Uncertainty about the new CCPA rules
The CCPA is, without question, one of the most significant privacy regulations in the United States. Businesses and technology companies have raised concerns about uncertainties in the law and have actively sought to make amendments or exceptions to it. To date, none of the proposed changes have been incorporated. With only a few months left before the CCPA comes into force, it looks less and less likely that any significant updates will be made.
In addition, a number of other states are also considering their own versions of CCPA, setting up a potential hodgepodge of state privacy and accountability regulations across the nation. While there is some discussion of harmonizing rules through a comprehensive federal privacy law, the current political realities and coming presidential elections in the United States make it unlikely that any new federal regulations will be passed in the near future.
For better or for worse, companies must prepare for a set of complex regulations that give greater power to the consumer while holding organizations more accountable.
How marketing leaders can lead the way
Studies show that almost three-quarters of companies surveyed plan to invest in technology solutions to help them prepare for CCPA and seven in ten anticipate costs in excess of $100,000 to become compliant.
Rather than seeing CCPA as a mere compliance requirement, marketing executives seeking competitive differentiation can take advantage of the new law.
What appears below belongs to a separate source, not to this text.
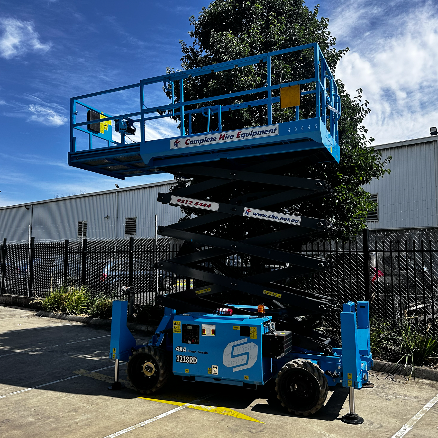 The 40ft Rough Terrain Diesel Scissor Lift delivers high-capacity elevated access for demanding outdoor worksites. Designed for uneven ground, it features four-wheel drive, rugged terrain tyres and a spacious platform for operators, tools and materials. Ideal for construction, structural works and large-scale installations where height, stability and performance are critical.
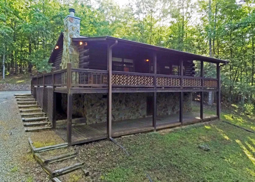 LOG CABIN on 2.62 Private wooded acres in an Established community. This home offers 2 BRs, 1.5 baths, wood floors, simple plan for easy cleaning and maintenance. Gas Log fplc in greatroom. Detached carport w/ concrete pad PLUS storage room. Roof 2006, Windows 2008, HVAC serviced. One level living. Full length porch across the front of the home. Stone faced foundation. Private gravel drive cuts through to 2 roads for easy Access for toys, boat trailers, RVs, etc. Lots of Wildlife. Convenient to Lake Nottely, Blairsville, and NC.

A business can set itself apart by being proactive and transparent, increasing consumer trust and building greater loyalty. Companies can achieve this by:
- Proactively educating their customers about the law and their new rights,
- Updating privacy policies and providing a user-friendly summary up front,
- Reviewing information security and data collection practices. Consider deleting unnecessary data, and encrypting sensitive or personally identifiable information,
- Asking customers to explicitly consent (opt in) to having their data shared, perhaps by offering some sort of discount or incentive,
- Reviewing their experience with GDPR as a useful guide to preparing for CCPA.
Organizations that are more transparent and proactive have the unique opportunity to set themselves apart in the coming era of data privacy.